▸ Task requirements
List each line of the data that holds the string "your".
□ □ □ □ □
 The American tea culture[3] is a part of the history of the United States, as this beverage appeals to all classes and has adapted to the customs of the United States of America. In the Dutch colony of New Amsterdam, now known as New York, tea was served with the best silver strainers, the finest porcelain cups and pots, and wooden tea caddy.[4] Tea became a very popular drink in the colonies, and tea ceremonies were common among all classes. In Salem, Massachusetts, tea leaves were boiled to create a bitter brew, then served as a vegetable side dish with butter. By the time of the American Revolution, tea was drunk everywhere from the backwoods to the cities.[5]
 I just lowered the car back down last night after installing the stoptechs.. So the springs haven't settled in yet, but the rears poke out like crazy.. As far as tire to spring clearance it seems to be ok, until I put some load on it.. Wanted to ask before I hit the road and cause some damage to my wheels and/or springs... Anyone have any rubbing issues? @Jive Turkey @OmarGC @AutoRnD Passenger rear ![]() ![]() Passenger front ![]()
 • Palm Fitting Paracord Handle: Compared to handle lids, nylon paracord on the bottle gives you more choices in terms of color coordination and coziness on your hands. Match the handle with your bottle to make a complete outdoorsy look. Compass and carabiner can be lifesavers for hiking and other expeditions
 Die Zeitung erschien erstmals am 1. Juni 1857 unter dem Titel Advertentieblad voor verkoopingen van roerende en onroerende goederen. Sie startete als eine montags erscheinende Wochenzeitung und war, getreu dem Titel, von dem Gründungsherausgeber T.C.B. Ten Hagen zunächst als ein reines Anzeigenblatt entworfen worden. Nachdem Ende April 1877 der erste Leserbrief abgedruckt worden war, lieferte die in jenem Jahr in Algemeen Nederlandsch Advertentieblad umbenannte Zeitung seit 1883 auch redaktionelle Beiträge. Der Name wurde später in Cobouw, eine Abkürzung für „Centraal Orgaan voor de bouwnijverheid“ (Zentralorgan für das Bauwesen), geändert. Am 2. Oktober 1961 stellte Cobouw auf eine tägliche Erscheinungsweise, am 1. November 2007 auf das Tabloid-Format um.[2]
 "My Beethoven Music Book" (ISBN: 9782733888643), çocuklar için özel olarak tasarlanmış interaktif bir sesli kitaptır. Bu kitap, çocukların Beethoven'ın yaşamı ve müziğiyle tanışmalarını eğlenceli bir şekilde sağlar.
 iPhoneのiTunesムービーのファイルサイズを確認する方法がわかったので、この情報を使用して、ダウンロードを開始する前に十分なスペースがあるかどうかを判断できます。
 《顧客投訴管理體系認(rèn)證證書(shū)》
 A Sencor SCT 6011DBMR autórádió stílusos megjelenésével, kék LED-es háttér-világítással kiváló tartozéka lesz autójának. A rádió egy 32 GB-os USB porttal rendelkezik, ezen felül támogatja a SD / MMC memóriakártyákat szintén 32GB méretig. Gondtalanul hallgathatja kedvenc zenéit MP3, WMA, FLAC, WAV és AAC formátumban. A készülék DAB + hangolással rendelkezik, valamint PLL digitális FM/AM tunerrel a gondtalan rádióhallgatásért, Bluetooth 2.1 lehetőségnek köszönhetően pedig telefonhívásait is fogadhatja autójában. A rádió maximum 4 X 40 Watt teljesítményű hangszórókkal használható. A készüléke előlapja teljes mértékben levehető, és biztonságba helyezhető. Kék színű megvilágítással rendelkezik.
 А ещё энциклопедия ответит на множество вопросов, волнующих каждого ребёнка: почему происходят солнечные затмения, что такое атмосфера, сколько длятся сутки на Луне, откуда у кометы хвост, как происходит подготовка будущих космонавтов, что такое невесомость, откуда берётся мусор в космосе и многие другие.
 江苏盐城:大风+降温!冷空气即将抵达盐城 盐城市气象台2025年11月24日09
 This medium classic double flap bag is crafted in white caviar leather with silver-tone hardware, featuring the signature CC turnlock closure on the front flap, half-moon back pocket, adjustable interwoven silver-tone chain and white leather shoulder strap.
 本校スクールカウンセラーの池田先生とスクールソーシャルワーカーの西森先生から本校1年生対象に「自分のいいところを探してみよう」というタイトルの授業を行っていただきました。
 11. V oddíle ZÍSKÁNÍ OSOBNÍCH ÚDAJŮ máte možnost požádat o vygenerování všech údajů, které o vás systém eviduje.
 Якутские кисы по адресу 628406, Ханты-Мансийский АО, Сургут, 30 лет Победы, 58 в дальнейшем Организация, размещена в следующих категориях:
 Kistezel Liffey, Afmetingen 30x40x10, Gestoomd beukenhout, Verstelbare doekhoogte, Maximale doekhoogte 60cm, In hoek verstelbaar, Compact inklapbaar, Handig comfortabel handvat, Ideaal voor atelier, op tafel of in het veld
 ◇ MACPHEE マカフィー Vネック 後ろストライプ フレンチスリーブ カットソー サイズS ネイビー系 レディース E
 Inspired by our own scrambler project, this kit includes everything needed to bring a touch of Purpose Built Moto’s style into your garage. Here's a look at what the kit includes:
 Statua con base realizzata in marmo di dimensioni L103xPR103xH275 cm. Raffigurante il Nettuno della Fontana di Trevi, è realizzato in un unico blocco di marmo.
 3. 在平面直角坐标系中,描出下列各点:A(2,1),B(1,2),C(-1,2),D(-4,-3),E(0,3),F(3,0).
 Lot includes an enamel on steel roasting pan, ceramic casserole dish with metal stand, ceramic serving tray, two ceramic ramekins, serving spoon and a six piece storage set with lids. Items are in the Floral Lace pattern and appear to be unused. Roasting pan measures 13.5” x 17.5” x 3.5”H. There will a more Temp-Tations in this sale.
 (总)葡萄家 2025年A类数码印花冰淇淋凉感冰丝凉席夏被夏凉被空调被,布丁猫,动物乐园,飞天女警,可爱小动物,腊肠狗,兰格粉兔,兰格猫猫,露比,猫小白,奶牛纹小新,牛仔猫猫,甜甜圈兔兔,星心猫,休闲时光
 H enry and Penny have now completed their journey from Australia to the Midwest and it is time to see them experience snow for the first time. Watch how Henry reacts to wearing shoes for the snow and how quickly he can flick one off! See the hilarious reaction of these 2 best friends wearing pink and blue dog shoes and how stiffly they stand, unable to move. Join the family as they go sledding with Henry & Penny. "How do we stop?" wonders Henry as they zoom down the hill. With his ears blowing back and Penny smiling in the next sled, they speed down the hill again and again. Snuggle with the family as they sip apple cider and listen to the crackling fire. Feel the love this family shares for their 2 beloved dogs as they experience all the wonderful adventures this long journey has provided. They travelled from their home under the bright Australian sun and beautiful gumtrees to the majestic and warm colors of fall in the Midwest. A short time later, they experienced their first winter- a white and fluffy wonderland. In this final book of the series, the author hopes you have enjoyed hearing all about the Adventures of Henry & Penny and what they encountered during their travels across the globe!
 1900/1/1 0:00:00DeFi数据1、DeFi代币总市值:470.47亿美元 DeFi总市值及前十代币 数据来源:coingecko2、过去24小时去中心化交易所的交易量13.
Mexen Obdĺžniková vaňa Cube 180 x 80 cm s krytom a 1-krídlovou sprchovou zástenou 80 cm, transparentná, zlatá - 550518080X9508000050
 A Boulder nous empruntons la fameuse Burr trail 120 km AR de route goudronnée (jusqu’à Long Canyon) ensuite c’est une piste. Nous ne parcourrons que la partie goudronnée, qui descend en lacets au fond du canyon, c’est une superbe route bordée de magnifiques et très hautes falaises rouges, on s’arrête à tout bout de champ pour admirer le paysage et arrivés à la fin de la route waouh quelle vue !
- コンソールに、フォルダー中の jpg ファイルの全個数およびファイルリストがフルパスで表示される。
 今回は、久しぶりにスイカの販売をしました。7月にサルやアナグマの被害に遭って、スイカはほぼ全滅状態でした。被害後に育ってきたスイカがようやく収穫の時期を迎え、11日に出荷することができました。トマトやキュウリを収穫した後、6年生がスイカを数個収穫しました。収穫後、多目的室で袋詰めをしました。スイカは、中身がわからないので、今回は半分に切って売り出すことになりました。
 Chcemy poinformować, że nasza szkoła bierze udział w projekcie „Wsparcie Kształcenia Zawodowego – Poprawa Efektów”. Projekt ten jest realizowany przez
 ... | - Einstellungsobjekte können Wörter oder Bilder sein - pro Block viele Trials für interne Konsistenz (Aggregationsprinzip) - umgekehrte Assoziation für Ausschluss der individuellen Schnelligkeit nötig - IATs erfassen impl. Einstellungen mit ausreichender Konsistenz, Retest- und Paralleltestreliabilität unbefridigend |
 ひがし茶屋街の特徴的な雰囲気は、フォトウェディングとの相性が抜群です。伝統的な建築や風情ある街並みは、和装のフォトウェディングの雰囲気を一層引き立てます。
□ □ □ □ □
▸ Response area
 • Palm Fitting Paracord Handle: Compared to handle lids, nylon paracord on the bottle gives you more choices in terms of color coordination and coziness on your hands. Match the handle with your bottle to make a complete outdoorsy look. Compass and carabiner can be lifesavers for hiking and other expeditions
 Inspired by our own scrambler project, this kit includes everything needed to bring a touch of Purpose Built Moto’s style into your garage. Here's a look at what the kit includes:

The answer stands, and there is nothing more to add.